Only kind, affirming words were spoken at the conclusion of my presentation. Nobody said anything about my teeth or lack of education.
Those are my issues. And they’re nobody else’s business.
The worst part is, I mentioned each of those insecurities while speaking. Maybe not about my teeth, but most of the others. I felt a need to discredit myself disguised as self awareness.

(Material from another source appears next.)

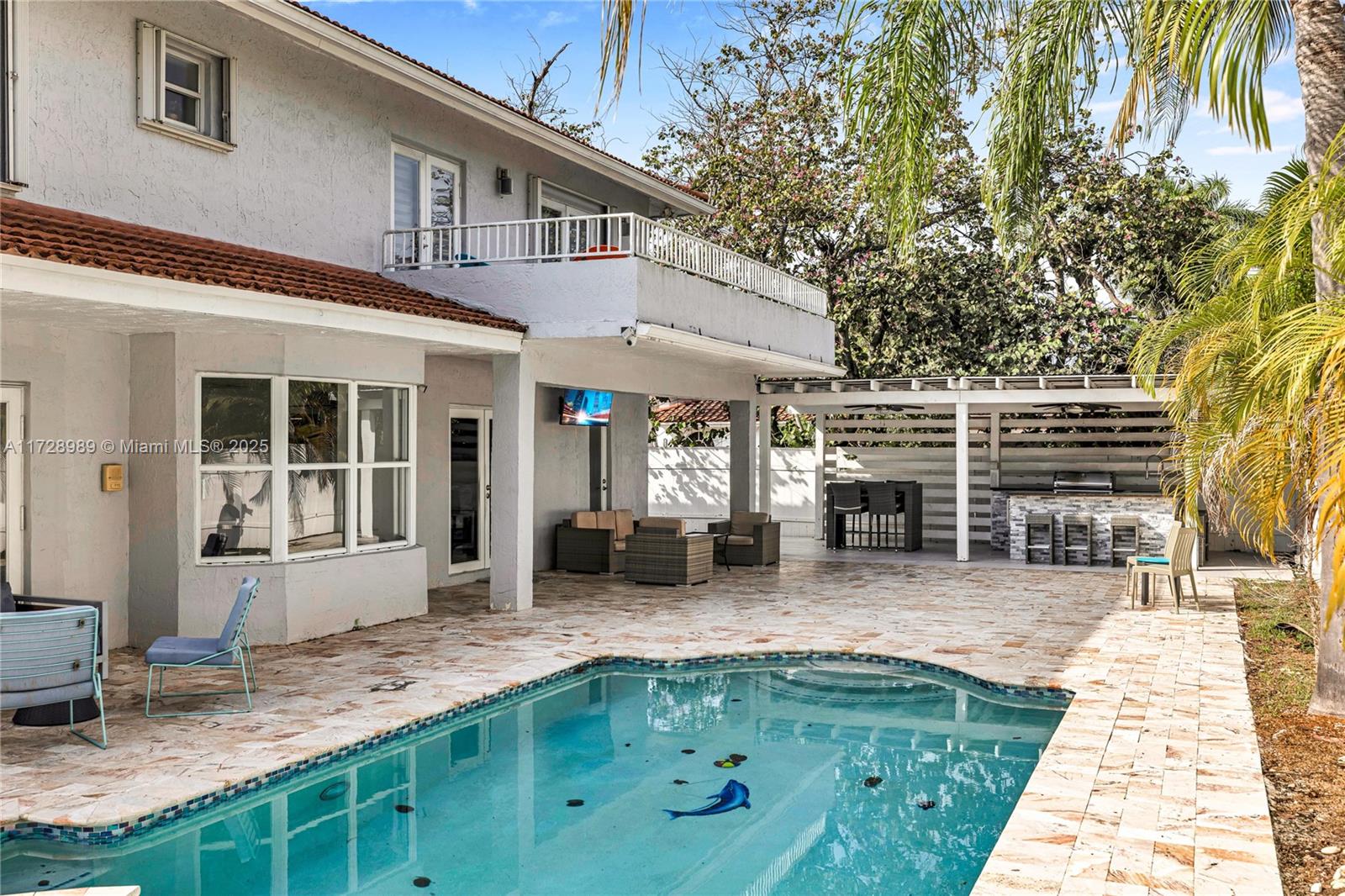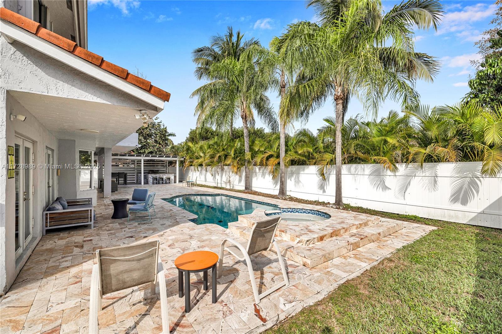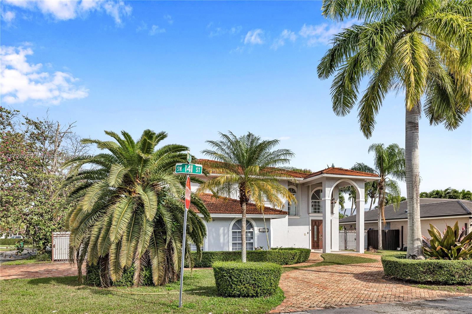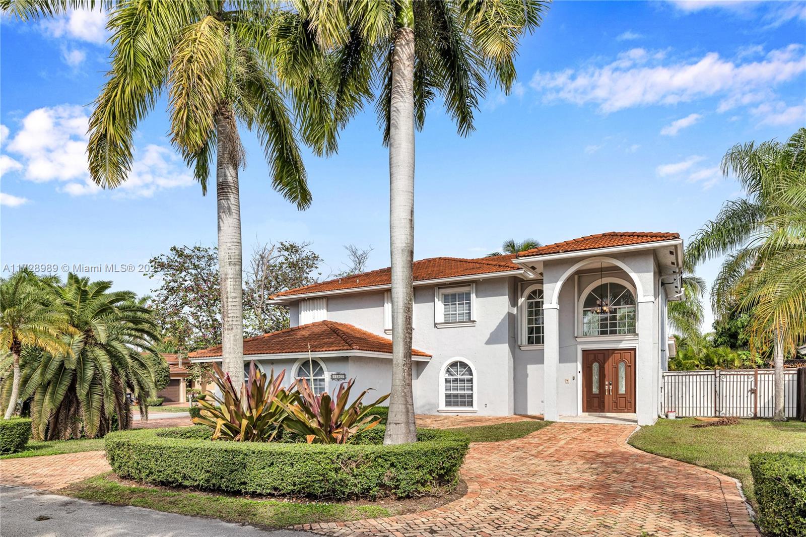 The Entertainers dream awaits! This corner lot property has it all! Beautiful custom staircase elegantly greets visitors while soaring ceilings allow for an abundance of natural light to drape the living spaces with color and softness. Spacious living areas serve perfectly for large get-togethers allowing for the party to spill out onto the gorgeous patio. All bedrooms amply sized with spacious closets and lovely wood flooring. Oversized primary bedroom offers plenty of room for a sitting area, private balcony, and spacious bathroom with private toilet room and jacuzzi tub. Exterior amenities include a travertine adorned patio/pool area complete with hot tub, summer kitchen and pergola to enjoy year round. Close to Zoo Miami, great schools, shops, parks and restaurants.
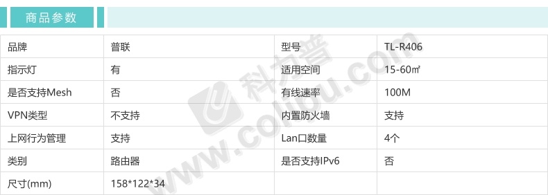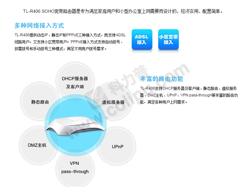 普联 TP-LINK SOHO宽带有线路由器 TL-R406 4口百兆

A few days later, I received this text from a dear friend and respected peer who was at the conference:
“I want to tell you that you are a powerful speaker. You have a presence that says I am meant to be here telling you things and people feel safe in that space. I think you said something negative about yourself at least once a minute during your hour talk. Stop it. It’s distracting and the opposite of strengthening the adoptee voice. You don’t need to cut yourself down so others can’t do it first. You are beautiful and smart and funny and loving and if you can’t stand that, then fake it for Ruby’s sake…
I am sorry you have so much influence and power and heart. I know it can truly be a burden to carry light. I am being serious. But that is your job. You came here to be wonderful and to say the truth. You are big. You might as well own it because it’s going to get really hard shoveling the path in front of you if you stop at every step to hit yourself on the head with the shovel.
It looks like I was writing this to you, but I was also writing this to me.
I love you and I believe in you and I want you to just go grab the gold.”
My response was an acknowledgment of how well she knows me and immense gratitude. Someone has to truly love you in order to speak those words.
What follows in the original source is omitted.